WHAT THE TASK REQUIRES >> Taking the line that contains "Статуя свободы создана" as the start and the last line of the data as the end, repeat exactly every line in that span, but no pictures.

ENTRIES SUPPLIED >>
········

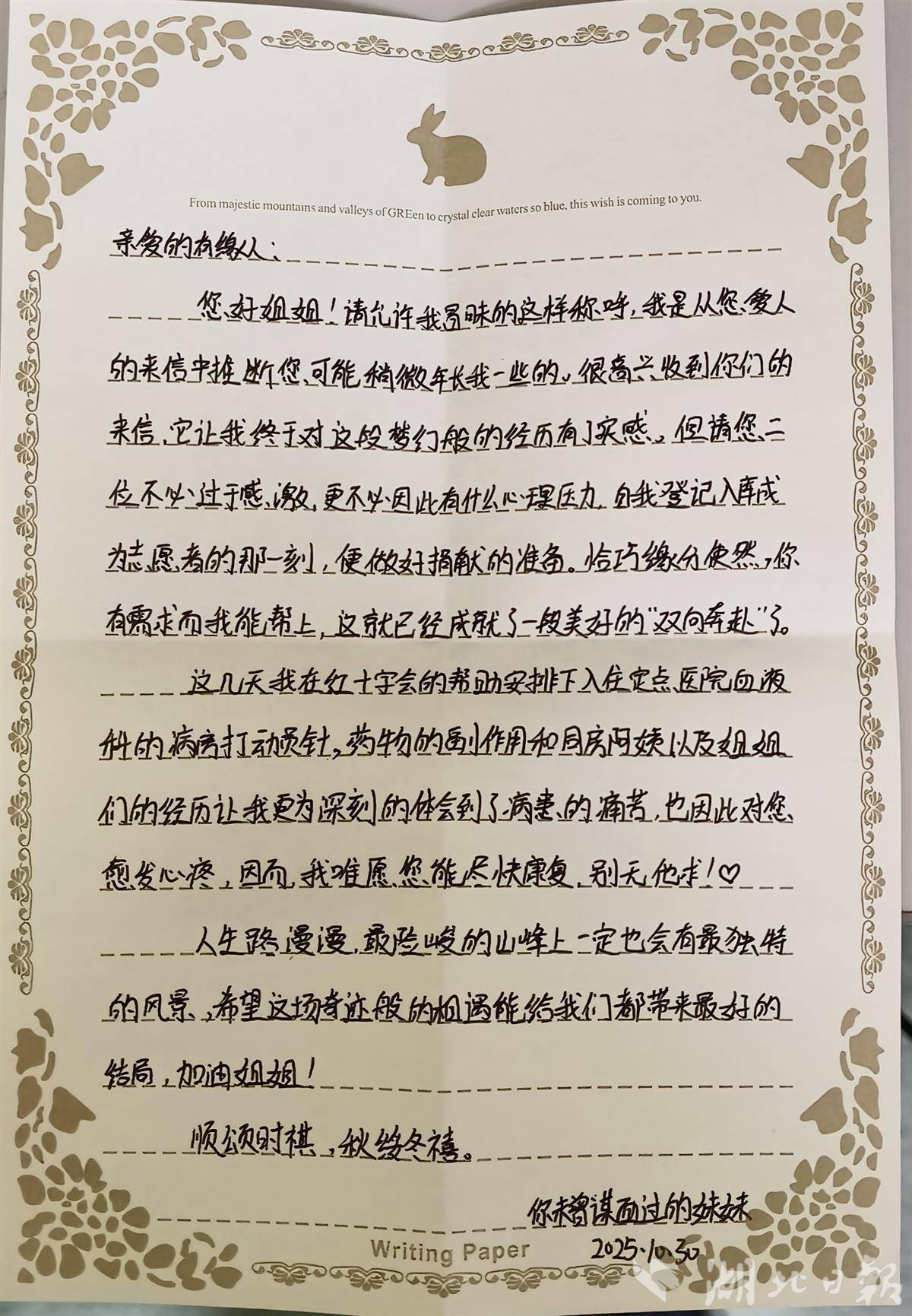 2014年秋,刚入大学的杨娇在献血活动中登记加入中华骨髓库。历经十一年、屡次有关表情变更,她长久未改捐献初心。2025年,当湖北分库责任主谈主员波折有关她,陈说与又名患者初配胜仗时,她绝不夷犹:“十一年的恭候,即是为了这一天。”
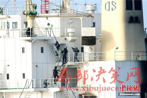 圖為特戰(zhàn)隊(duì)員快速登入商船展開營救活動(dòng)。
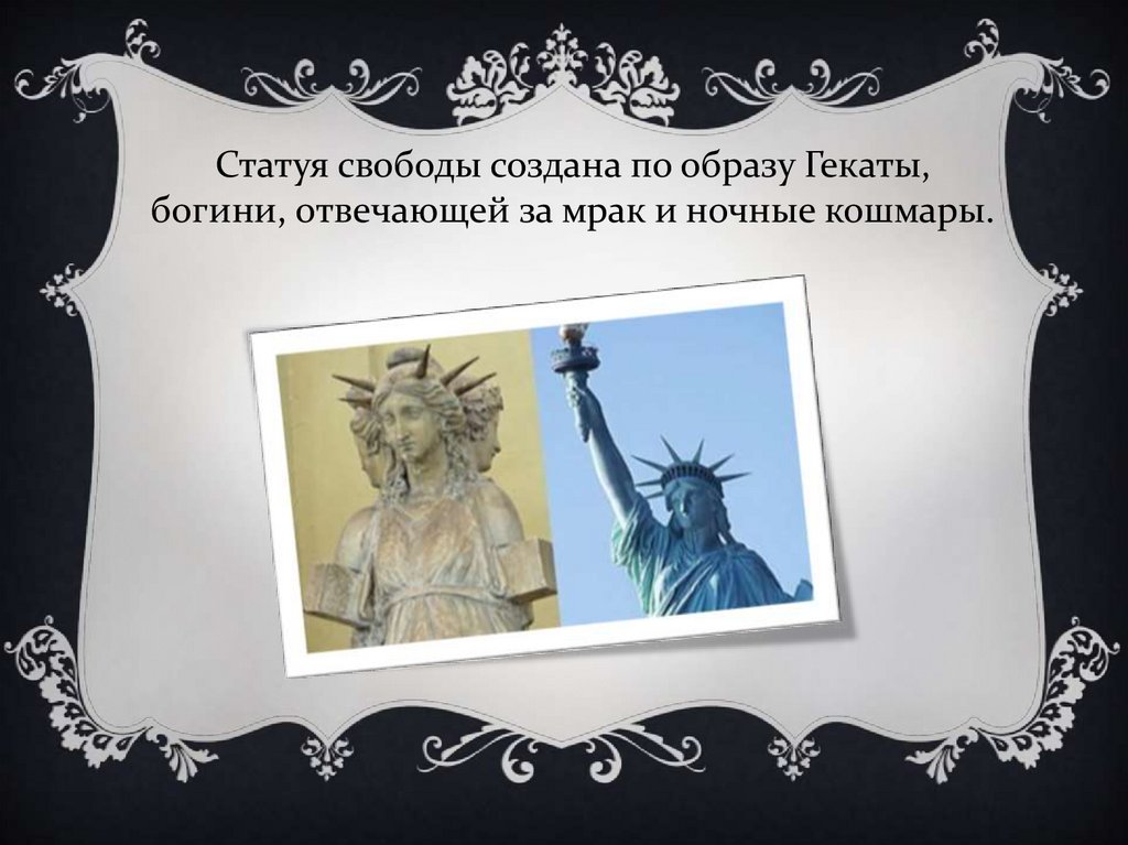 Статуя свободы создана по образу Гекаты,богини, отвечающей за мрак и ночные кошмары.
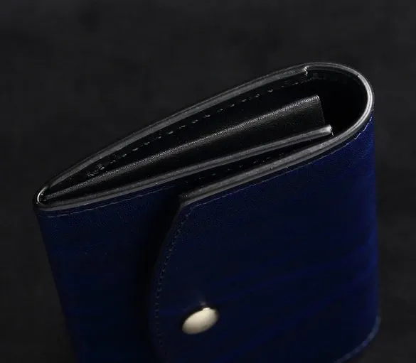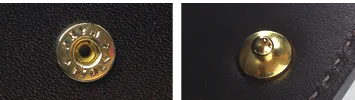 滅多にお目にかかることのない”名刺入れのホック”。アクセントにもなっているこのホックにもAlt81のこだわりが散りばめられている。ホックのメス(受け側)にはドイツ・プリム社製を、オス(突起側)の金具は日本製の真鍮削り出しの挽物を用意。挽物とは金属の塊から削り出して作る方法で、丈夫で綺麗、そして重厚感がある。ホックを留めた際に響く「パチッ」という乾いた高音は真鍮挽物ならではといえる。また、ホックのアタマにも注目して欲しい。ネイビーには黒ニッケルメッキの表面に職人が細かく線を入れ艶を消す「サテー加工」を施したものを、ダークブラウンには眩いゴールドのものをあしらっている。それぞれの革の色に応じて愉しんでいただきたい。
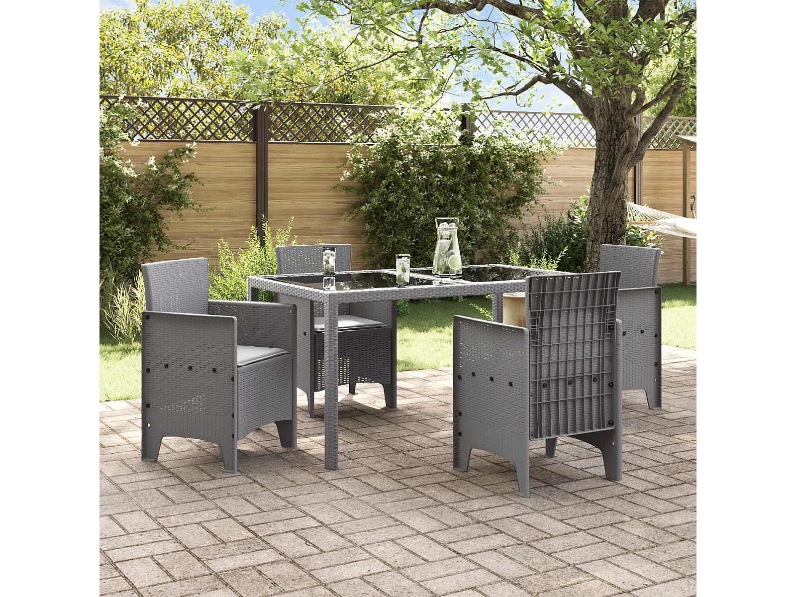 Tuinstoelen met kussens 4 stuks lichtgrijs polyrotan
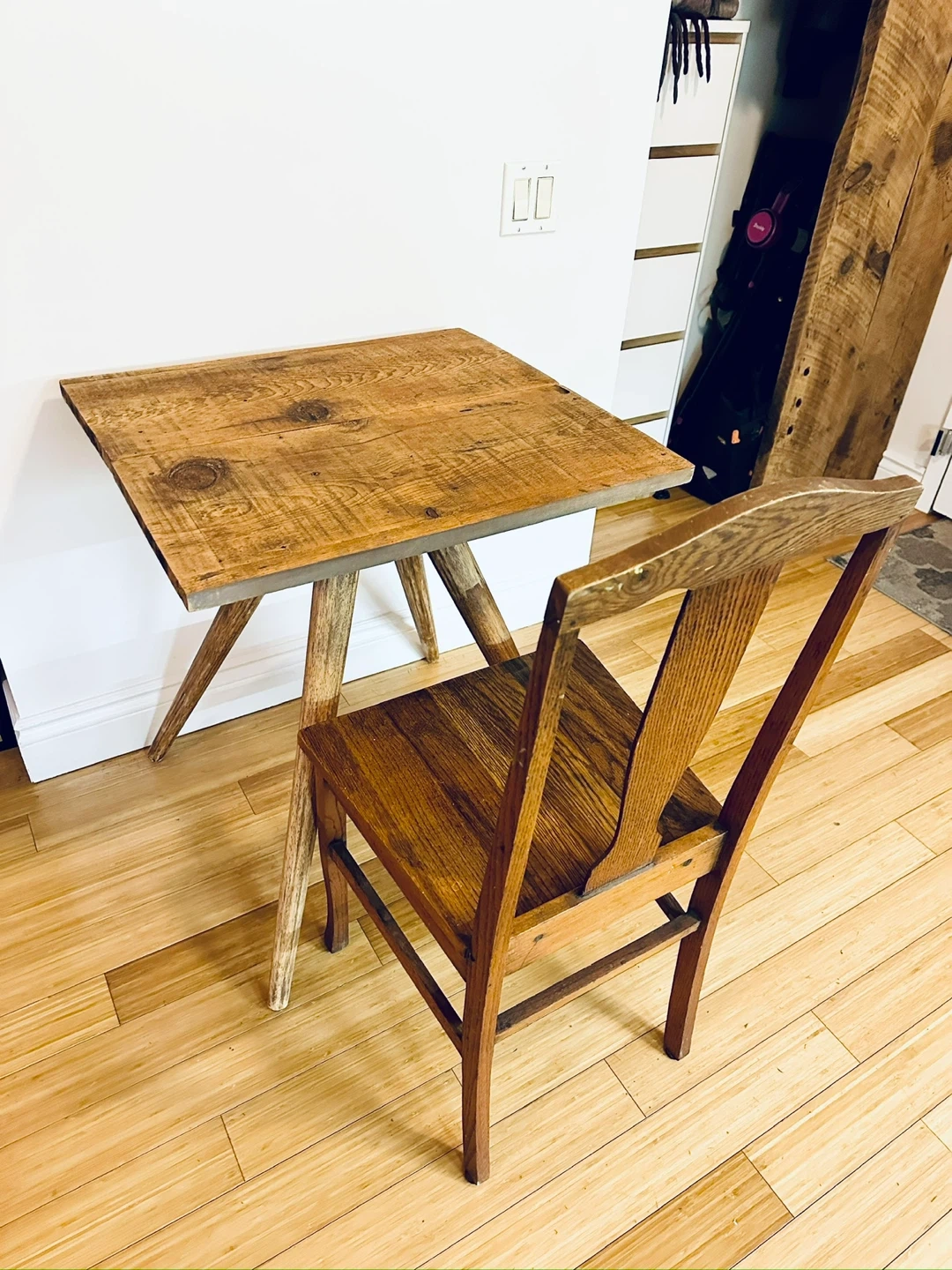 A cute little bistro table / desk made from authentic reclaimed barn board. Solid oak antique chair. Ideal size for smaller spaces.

········

SOLUTION TO THIS TASK >>
 Статуя свободы создана по образу Гекаты,богини, отвечающей за мрак и ночные кошмары.
 滅多にお目にかかることのない”名刺入れのホック”。アクセントにもなっているこのホックにもAlt81のこだわりが散りばめられている。ホックのメス(受け側)にはドイツ・プリム社製を、オス(突起側)の金具は日本製の真鍮削り出しの挽物を用意。挽物とは金属の塊から削り出して作る方法で、丈夫で綺麗、そして重厚感がある。ホックを留めた際に響く「パチッ」という乾いた高音は真鍮挽物ならではといえる。また、ホックのアタマにも注目して欲しい。ネイビーには黒ニッケルメッキの表面に職人が細かく線を入れ艶を消す「サテー加工」を施したものを、ダークブラウンには眩いゴールドのものをあしらっている。それぞれの革の色に応じて愉しんでいただきたい。
 Tuinstoelen met kussens 4 stuks lichtgrijs polyrotan
 A cute little bistro table / desk made from authentic reclaimed barn board. Solid oak antique chair. Ideal size for smaller spaces.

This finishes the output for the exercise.